By Joseph Hearn, Contributing Writer

Director Nina Sawyer '01 and her company were blessed by remarkably gorgeous weather for their outdoor production of French existentialist Jean Anouilh's Antigone, and by and large the cast rises to the elements' implicit challenge in this production, one that starts slowly but gains momentum as it marches toward its foretold conclusion. Indeed, Anouilh's 1942 Antigone is not about suspense, but about the inevitability of playing roles. For Antigone, daughter of Oedipus, this means performing burial rites for her slain brother Polynices, who has been declared a traitor of the state and therefore forbidden those rites. For Antigone's uncle Creon, who rules Thebes, it means enforcing the law, even if he should have to execute his niece, who is also engaged to marry his son, Haemon.

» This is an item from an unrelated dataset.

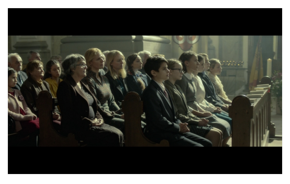
Figure 16. Chapter 9, Stations, "Jesus falls for the third time".

The play details the characters' struggle with this concept of roleplaying and asks whether they have any freedom given the certainty of their fates. Antigone is therefore a largely verbal affair, but the first few scenes establish a questionable tone. Mike Weidman '02, who plays the Chorus, is loud, clear and expressive, but so smarmy as he introduces the play that one would expect him to be quite knowingly introducing a bad Saturday Night Live sketch rather than Anouilh's searching parable. Beatrice Kitzinger '03, Caitlin Harrington '03 and Liz Clinkenbeard '01, as Antigone, her sister Ismene, and her nurse, respectively, suffer from a similar problem in their early exchanges: they belabor the irony of remarks about Antigone's future with such self-conscious intensity that the production threatens to become both maudlin and fatally unsubtle.

Luckily, however, these early jitters disappear as the play moves onward. Rayd Abu-Ayyash '01 gives the production's most outstanding performance as Creon, King of Thebes, whose Machiavellian exterior hides a more compassionate realism that cares more for the living than for the dead. Declaring Polynices a traitor was a political expediency, yet Creon argues it has created a peace that Antigone's actions may threaten. Abu-Ayyash has Antigone's most finely drawn character in Creon, to be sure, but he does not shrink from the task, maintaining a strong, clean elocution and succeeding at keeping his long monologues from becoming flat or boring. It may be too much to assert that he brings the other actors up to the level of his own performance, but Weidman and Kitzinger in particular are much sharper in their scenes with him; Abu-Ayyash's exchanges with a bumbling but philosophical guard, excellently played by Rob Hughes '01, are also a delight. Anchored by this solid group of four, Antigone moves smoothly to its conclusion after a few initial kinks.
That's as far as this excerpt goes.